AIM OF THE EXERCISE ::
Quote the whole listing exactly. Leave the pictures out of your copy.
Segment Start: RECORDS FOR THIS EXERCISE
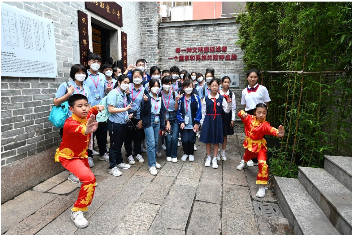
Our students visit Ancestral Home of Bruce Lee in Yong Qing Fang
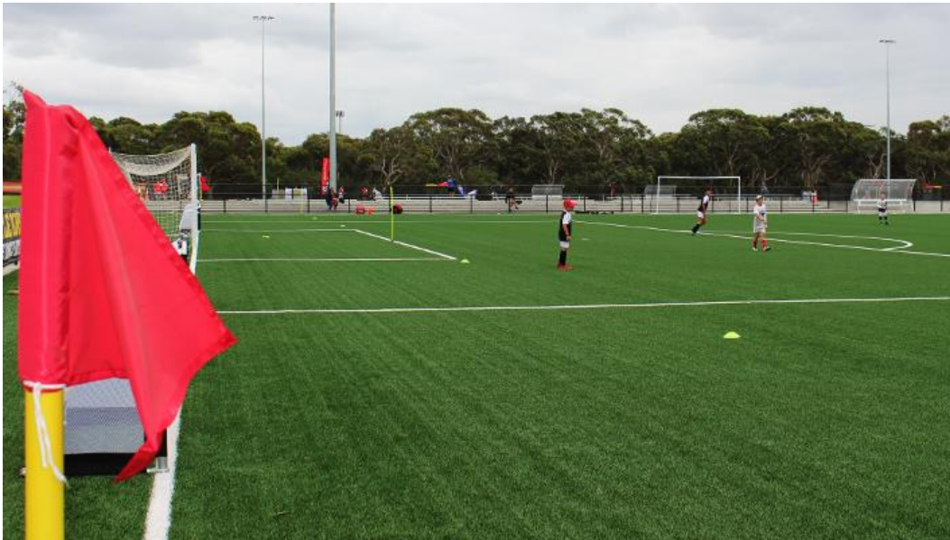
First-class sporting facilities at Christie Park

The weather is cool, the days are short and while many people prefer to stay indoors during the winter months there are still plenty of great activities going on in the City of Ryde during this time of the year for the whole community to enjoy.
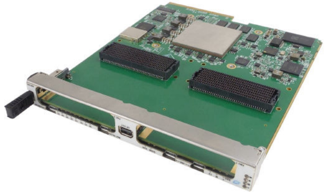
Figure 1: AMC560

The Module has onboard 64 GB of Flash, 128 MB of boot flash and an SD Card as an option.
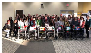
Charity Wheelchair Build
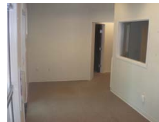
Reception / Check-in
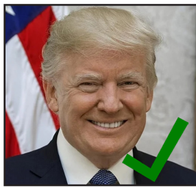
Donald Trump/J.D. Vance 74,312,688 votes 50.6%
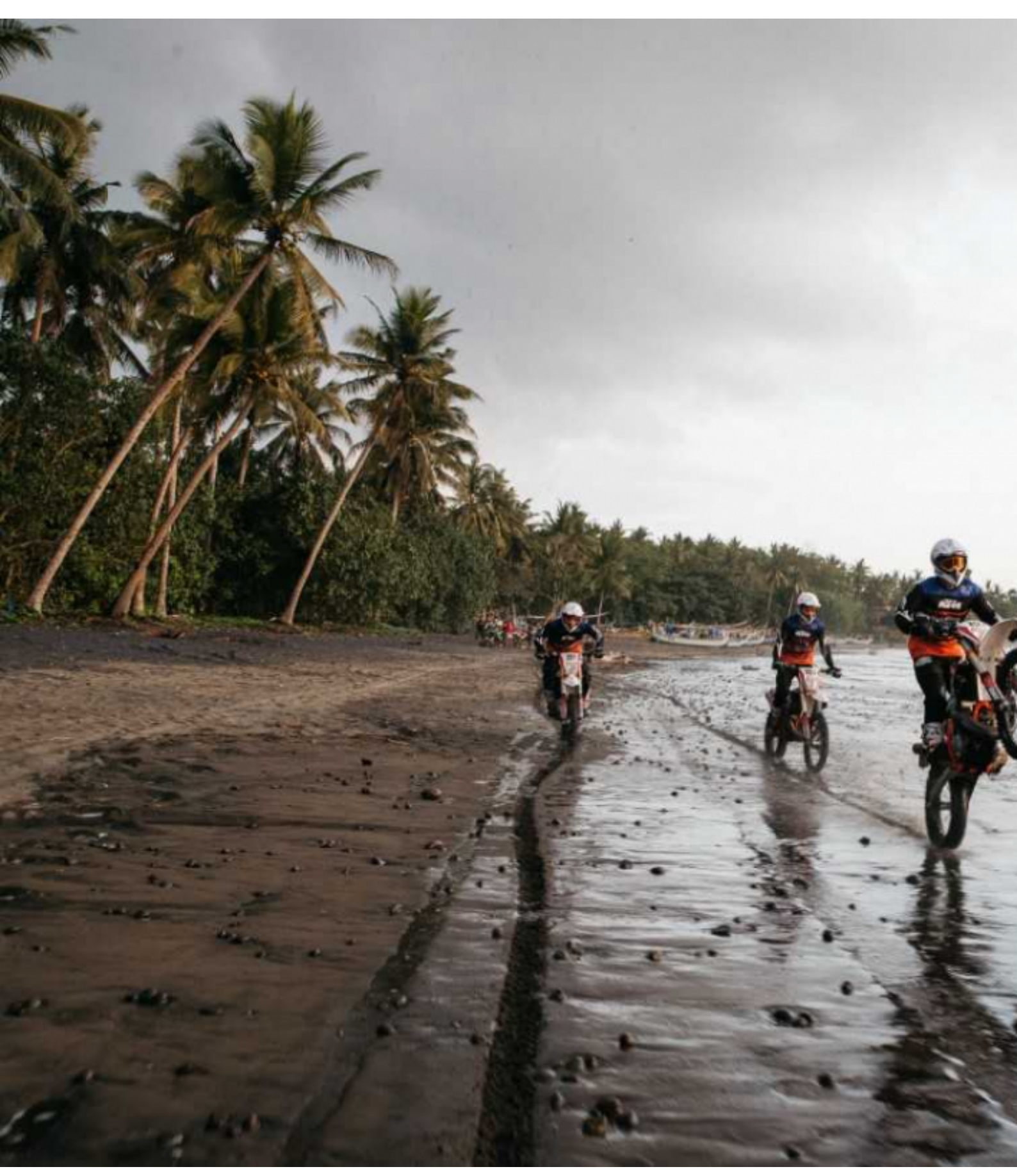
Motorcycle Enduro off Road Tour Bali
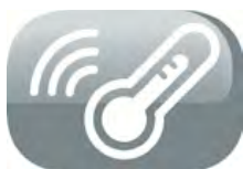
Room temperature thermistor
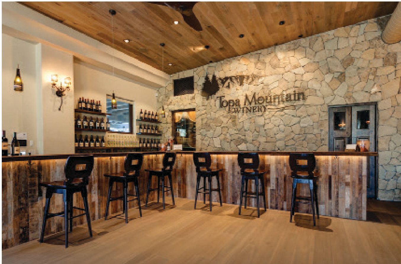
TOPA MOUNTAIN WINERY BAR
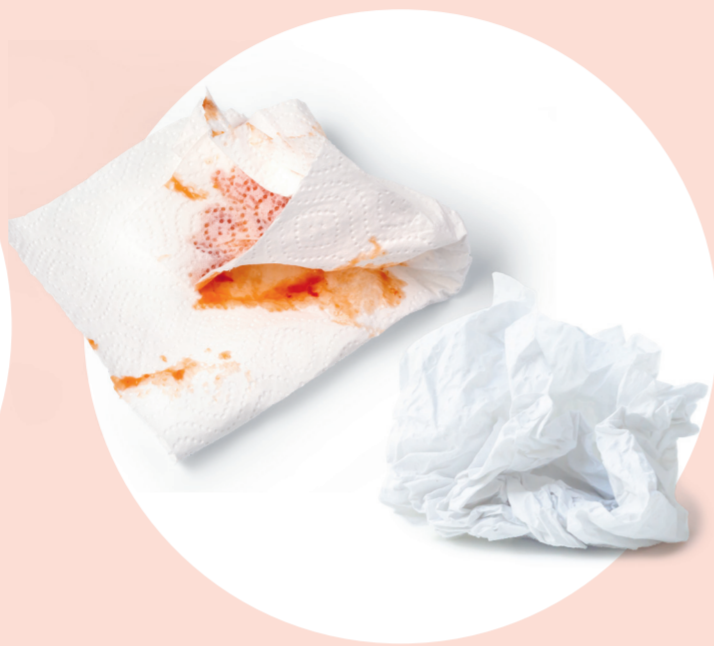
✓ Tissues and paper towels
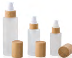
Pump02_La 100ml, 50ml, 30ml
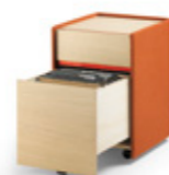
LANDA 2 DRAWERS (ON WHEELS) Structure beech covered with fabric. Drawers: interior beech, exterior oak. Made of roller bearings in total output. Top: multi-ply oak. Black or red brush. One drawer for suspended folder. H 580 x L 420 x W 445 mm
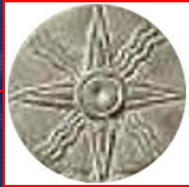
Nimrod's Eight-Spoked Sunburst on the Babylonian Altar of King Shamash
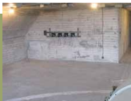
4 phones in the South Gun Room
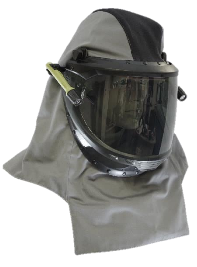
o Hood. CLY 571 048 SRH
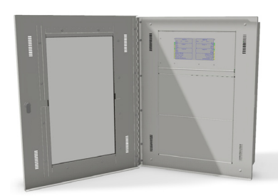
Shown in A901-BOX-SINGLE-F-W

Box and Door Ordered Separately. See Bulletin F-555: 901 Cabinets
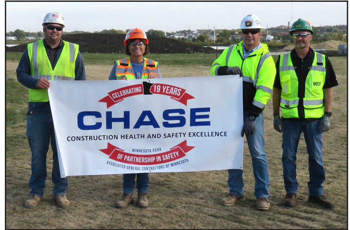
VEIT • Cascade Lake Park Improvement • Rochester, Minnesota
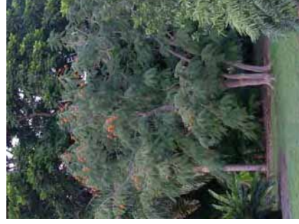
Colville's glory Colvillea racemosa
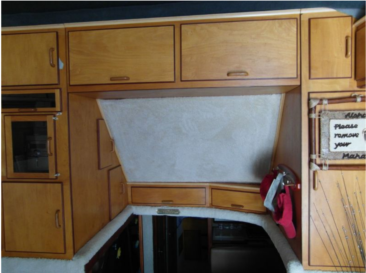
1995 Sportfish Salon Facing Forward
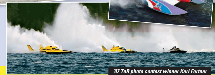
'07 TnR photo contest winner Karl Fortner
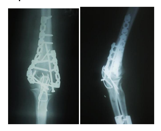
Fig. 4. Case 2-29 yr. old female. MOT: RTA. Type and side: LT distal humeral fracture. Fracture pattern: C3. Associated fractures: none. Time till surgery: 5 days. Approach: Olecranon osteotomy. Follow up X-ray at 6 months. complete union .ROM: flexion-extension 10°-130°. MEPS 100 points
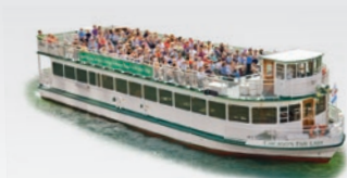
CHICAGO'S FAIR LADY
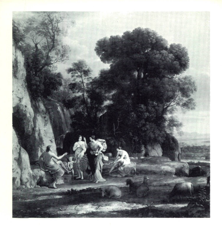
CLAUDE LORRAIN. The Judgment of Paris (detail)
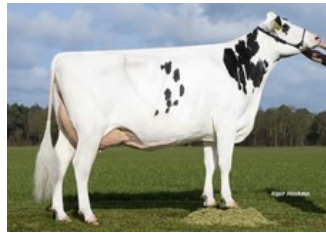
Zandenburg Snowman Ebony 1 EX-90
Segment End: RECORDS FOR THIS EXERCISE
RESPONSE TO THE EXERCISE ::
Our students visit Ancestral Home of Bruce Lee in Yong Qing Fang
First-class sporting facilities at Christie Park

The weather is cool, the days are short and while many people prefer to stay indoors during the winter months there are still plenty of great activities going on in the City of Ryde during this time of the year for the whole community to enjoy.
Figure 1: AMC560

The Module has onboard 64 GB of Flash, 128 MB of boot flash and an SD Card as an option.
Charity Wheelchair Build
Reception / Check-in
Donald Trump/J.D. Vance 74,312,688 votes 50.6%
Motorcycle Enduro off Road Tour Bali
Room temperature thermistor
TOPA MOUNTAIN WINERY BAR
✓ Tissues and paper towels
Pump02_La 100ml, 50ml, 30ml
LANDA 2 DRAWERS (ON WHEELS) Structure beech covered with fabric. Drawers: interior beech, exterior oak. Made of roller bearings in total output. Top: multi-ply oak. Black or red brush. One drawer for suspended folder. H 580 x L 420 x W 445 mm
Nimrod's Eight-Spoked Sunburst on the Babylonian Altar of King Shamash
4 phones in the South Gun Room
o Hood. CLY 571 048 SRH
Shown in A901-BOX-SINGLE-F-W

Box and Door Ordered Separately. See Bulletin F-555: 901 Cabinets
VEIT • Cascade Lake Park Improvement • Rochester, Minnesota
Colville's glory Colvillea racemosa
1995 Sportfish Salon Facing Forward
'07 TnR photo contest winner Karl Fortner
Fig. 4. Case 2-29 yr. old female. MOT: RTA. Type and side: LT distal humeral fracture. Fracture pattern: C3. Associated fractures: none. Time till surgery: 5 days. Approach: Olecranon osteotomy. Follow up X-ray at 6 months. complete union .ROM: flexion-extension 10°-130°. MEPS 100 points
CHICAGO'S FAIR LADY
CLAUDE LORRAIN. The Judgment of Paris (detail)
Zandenburg Snowman Ebony 1 EX-90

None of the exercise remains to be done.